What are the data structures?¶

What exactly do we mean by data structures? Generally speaking, those are the objects capable of storing and retrieving an arbitrary number of values of any type, in a systematic way. In all other senses, data structures are similar to basic data types - they can be stored via variables, removed, changed, etc.

Built-in data structures provide a standard and high-performant way to work with the bulks of data; However, there is simply no silver-bullet one-suits-all data structure - benefits and shortcomings of each are built-in and inseparable from its general design.

Lists¶

Lists are probably the most frequent type of data structure in python. They are the simple, one-dimensional ordered array of elements, Each element has its own index number, starting with 0 - so the last element always has an index of L-1, where L is the number of elements in the list. Lists can store any mix of data types. It can also store any other data structure - for example, a matrix (2d array) can be represented as a list of lists; 3d-matrix can be represented as a list of lists of lists, and so on. They are also dynamic — you can add or drop items mutable - you can add or remove values, or even change their order in place, without rebuilding list from the scratch.
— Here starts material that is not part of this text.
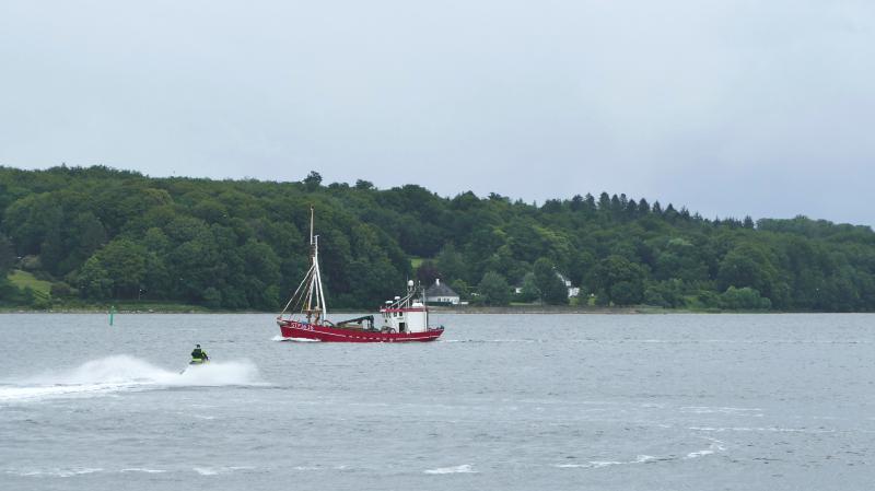 Aus den Seitenfenstern schauen wir auf die Apenrader Förde. Das ist besonders interessant, denn hier herrscht reger Betrieb.

You can create a new list by using list() function, or using square brackets, with elements separated by commas:

In [1]:

fruits = ['banana', 'apple', 'plum']

If needed, you can create an empty list as well:

In [2]:

basket  = []
another_basket = list()

As with strings, we can check the length of the list using len built-in function:

In [3]:

len(fruits)

Out[3]:

In [5]:

len(basket)

Out[5]:

We always can add new elements to the end of the list via .append method :

In [7]:

fruits.append('pineapple')

In [8]:

fruits

Out[8]:

['banana', 'apple', 'plum', 'pineapple']

Or insert them into a specific position:

In [13]:

fruits.insert(2, 'orange')

In [14]:

fruits

Out[14]:

['banana', 'apple', 'orange', 'plum', 'pineapple']

We can also merge it with another list, using .extend:

In [16]:

fruits.extend(['melon', 'watermelon'])

In [17]:

fruits

Out[17]:

['banana', 'apple', 'orange', 'plum', 'pineapple', 'melon', 'watermelon']
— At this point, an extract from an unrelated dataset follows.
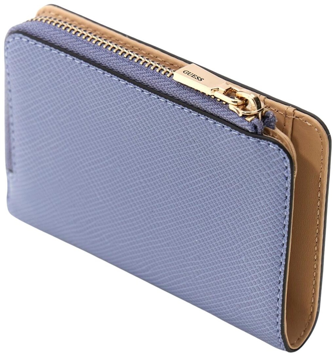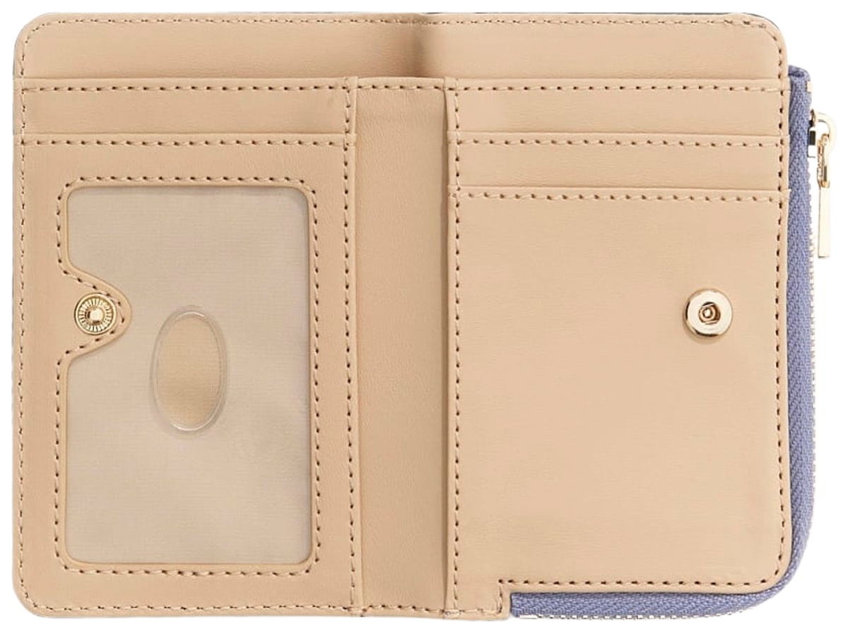 Pieni lompakko jonka kahden sivun läpi kulkee vetoketju ja sisällä on tasku. Lompakon läppä aukeaa painonapilla ja sisältä löytyy korttitaskuja ja setelitasku.

n some cases, you want to retrieve one element, and also remove it from the list - for example, if you need to process elements, one by one. For that, .pop() method is ideal - it will get elements from the end of the list, removing it from the list at the same time:m

In [19]:

len(fruits)

Out[19]:

In [20]:

fruits.pop()

Out[20]:

'watermelon'

In [21]:

len(fruits)

Out[21]:

Finally, you can use the in statement to check if the list contains certain element; This will also work with any other iterables:

In [22]:

'melon' in fruits

Out[22]:

True

Slicing¶

As with strings, in order to get a single value from the list, you need to use its index in the square brackets, after the value:

In [23]:

fruits[0]  # first element

Out[23]:

'banana'

You can also obtain a sub-list, using slices - intervals of indexes, defined by 2 numbers, separated by the colon. Those numbers represent start and end indices; remarkably, the former one is inclusive, but the latter one is not. If one or both numbers are missing, python assumes those to be ends of the list:

In [24]:

fruits[0:2]

Out[24]:

['banana', 'apple']

In [25]:

fruits[:2]

Out[25]:

['banana', 'apple']

This is exactly the same interface we used with strings - and it called slicing. As with the strings, we can use negative indices - representing values, indexed in reverse, starting from the end, e.g. “-1” will represent the last element in the list, no matter what it’s actual index. One more feature of slicing is its ability to define the step of the increase. By default, it is equal to 1, — each element, one after another. However, if you state it as 2, each other element will be retrieved; Similarly, -1 will retrieve all elements, but in the reverse order:

In [26]:

fruits[::2]

Out[26]:

['banana', 'orange', 'pineapple']

In [27]:

fruits[:2:-1]

Out[27]:

['melon', 'pineapple', 'plum']

Tuples¶

Tuples often stay in the shadow of lists. On the surface, they are very similar - they are also 1-dimensional arrays, can mix different types, use same indices and can be sliced. Similar to lists, tuples can be created using tuple() function, or with the colons:

In [28]:

breakfast = ('oatmill', 'scrambled eggs', 'orange juice')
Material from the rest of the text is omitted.